On 09/13/2015 10:06 AM, Martin Nowak wrote:
On 09/13/2015 05:03 AM, Andrei Alexandrescu wrote:
Yah, understood. Problem here is the approach is bound to run into walls
at every few steps. Say you fix the comparisons to work. Then you have
operators such as LIKE that are necessary yet not representable in D. So
more tricks are in order. This is what I've seen with ET in C++ - an
endless collection of tricks to achieve modest outcomes at enormous costs.

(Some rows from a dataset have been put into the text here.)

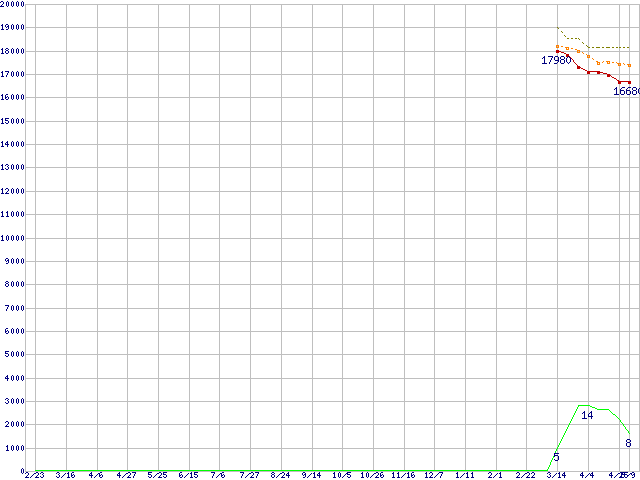 ※このグラフは過去のデータも税率5%相当に調整した税込み相当額のグラフです。 税率変更や、総額表示方式導入(2004年4月)の影響は除いています。 | | | ●凡例 | 最安値 (点線部は販売店未確認 または未調査) | 平均値 | 最高値 | ショップ数 |
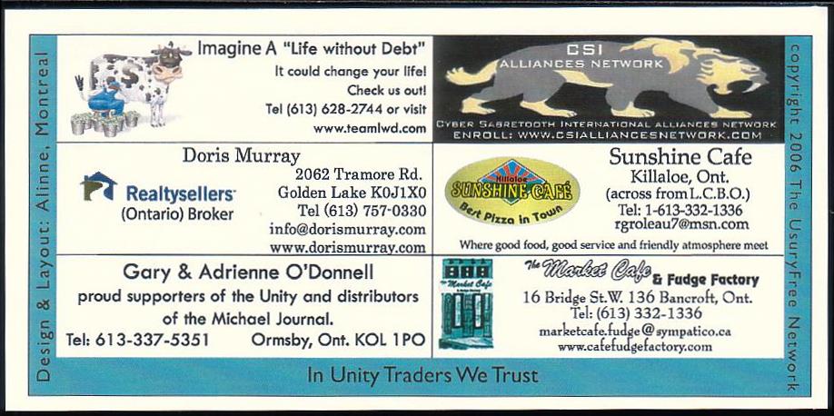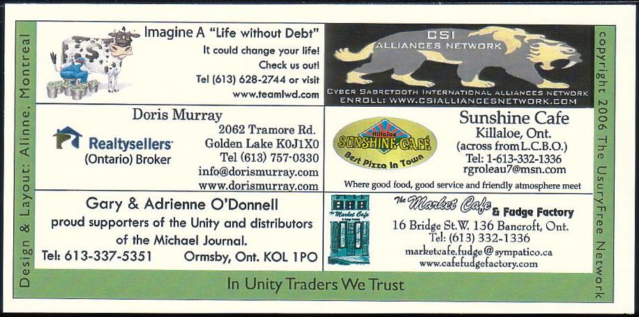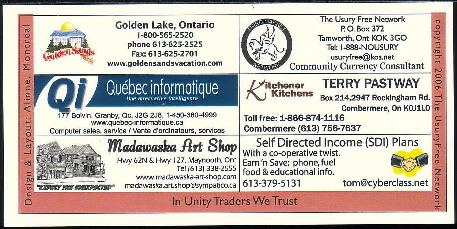 Bancroft and Barry's Bay. This network of Unity traders are unique as they
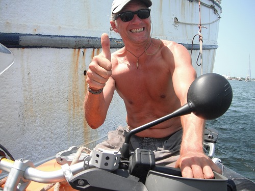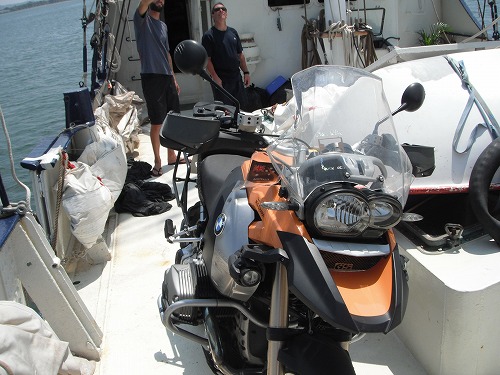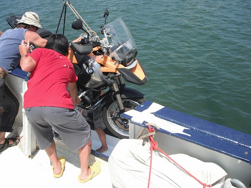 先ずはローレンのバイクを陸揚げさせて、マレーのバイク、荷物と続きます。そしてジョンのバイクが陸揚げされて、ワシの番!クレーンで船から小船に降ろし、そして桟橋へ。桟橋と言っても牽引から小船を下ろすランプなのでバイクを小船から降ろすのはそんなに難しくありません。
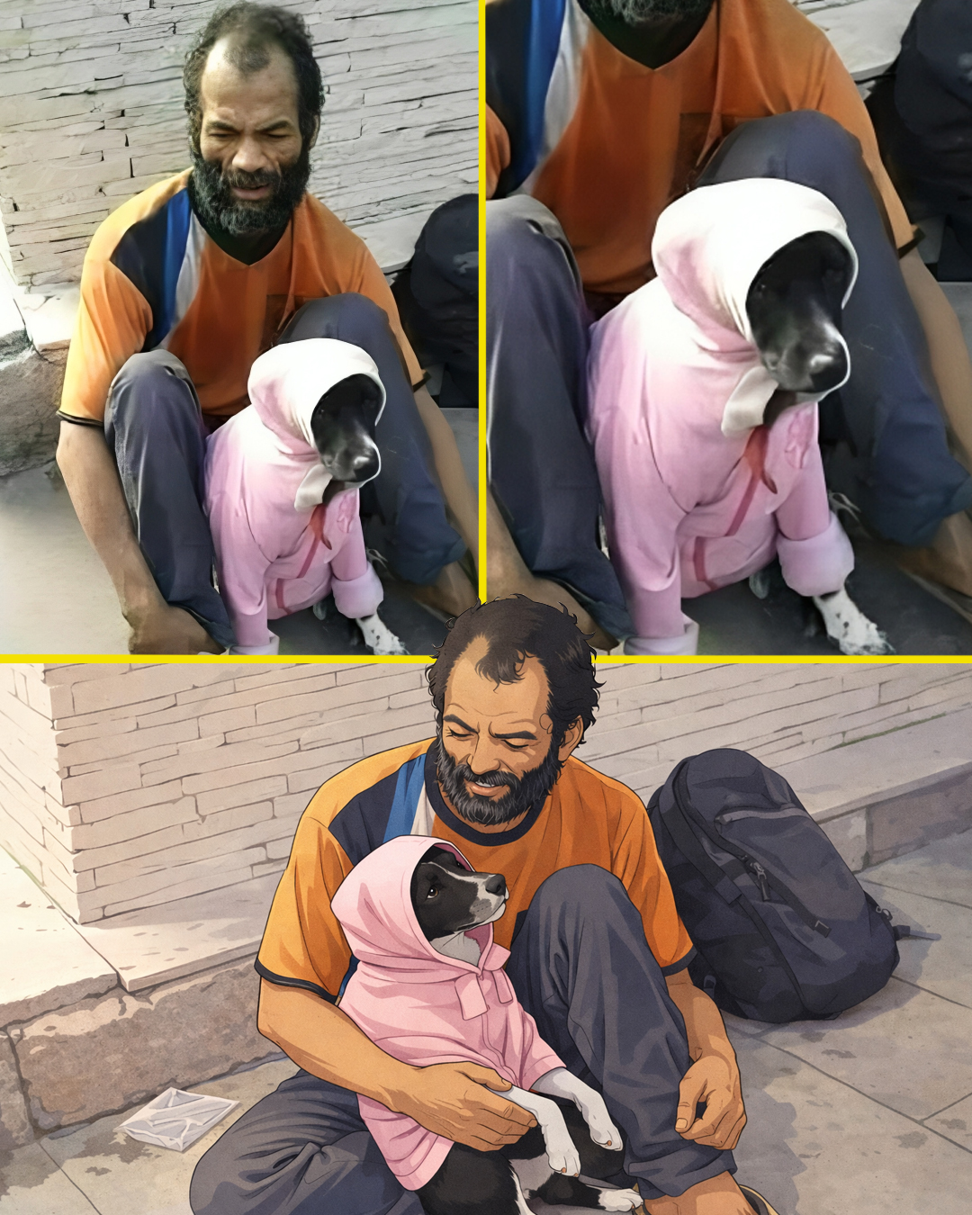 The small dog follows him everywhere. She eats what he manages to find, rests wherever he rests, and stays close, as if she knows she is safe as long as she is by his side. And he, despite having so little, gives her everything he can—his warmth, his protection, and his unwavering love.
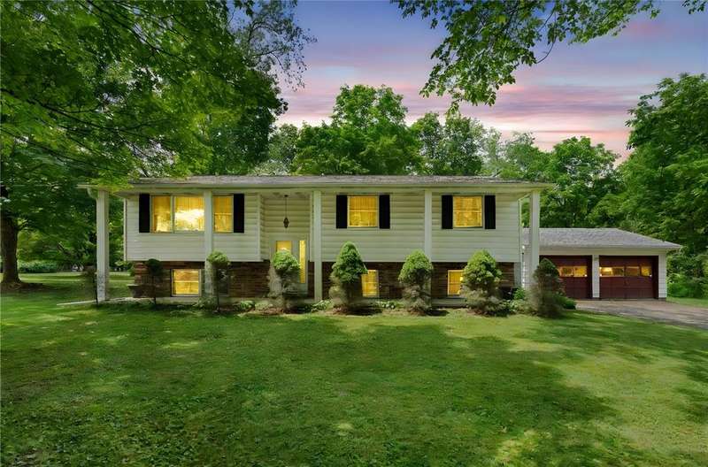 First time ever on the market! This custom-built, 5-bedroom, 2-bath split-level home with a charming Colonial facade sits on a picturesque one-acre lot in the heart of Big Flats. Nestled in a park-like setting, the property offers privacy, space, and convenience. The main level features an open-concept living and dining area filled with natural light from large windows and opens onto a second-story deck?perfect for entertaining or enjoying peaceful sunsets. Down the hall, you'll find three well-sized bedrooms. The lower level adds flexibility with two more bedrooms featuring proper egress, plus a spacious family room ideal for gathering or relaxing. A large two-car garage provides ample space for parking, storage, or a workshop.Located between Corning and Elmira, Big Flats offers the perfect balance of small-town charm and regional access. Commuters and travelers alike will appreciate proximity to I-86, which connects easily to New York City, Toronto, and Pittsburgh. The Elmira Corning Regional Airport, just minutes away, offers direct flights to Detroit and Orlando, with convenient connections to Syracuse, Buffalo, and beyond. Outdoors, enjoy nearby access to the Chemung River for kayaking and canoeing, or explore miles of scenic trails at Tanglewood Nature Center, Harris Hill, and several New York State parks. Whether you're soaking up the morning light through the front windows or watching the sun set from the upper deck, this well-loved home is ready to welcome its next chapter.

But this is not an argument to rule out `opBinary!"<"`.

Agreed.

To summarize the arguments.

- logical indexing x[x < 20]

   e.g. opBinary!"<" returns a bit mask to select entries of a large vector

Good one. But niche, can be solved with a function, etc.

- faster comparison

   struct Foo
   {
       size_t id;
       int opCmp(Foo rhs)
       {
           if (id < rhs.id) return -1;
           if (id == rhs.id) return 0;
           else return 1;
       }
       bool opBinary(string s:"<")(Foo rhs)
       {
           return id < rhs.id;
       }
   }

   Sorting a million Foos w/ random ids is 37.5% slower with opCmp.

   foos.sort!((a, b) => a.opBinary!"<"(b))(); // 104ms
   foos.sort!((a, b) => a < b)(); // 143ms

I think this is a good candidate for a peephole optimization.

- expression templates

   I'm well aware of the limitations, but still think it will work out
nicely for an ORM b/c there is precedence in other language, e.g. Rails'
(ActiveRecord) query syntax.

Fine, but let's not forget the ET experience in D will be a lot closer to that in C++ than that in Rails. And that doesn't bode well.

- language regularization

   It's surprising to find these "arbitrary" language limitations.
   The non-predictability of what's possible has always been a huge issue
for me with C++, i.e. you come up with an idea, spend 4 hours
implementing it only to find out that the small detail x isn't feasible.

This is the case in all powerful languages. Martin Odersky told me there's a constant problem with Scala having such a powerful type systems, the envelope of what can and cannot be done with it is really fuzzy and frustrates its power users.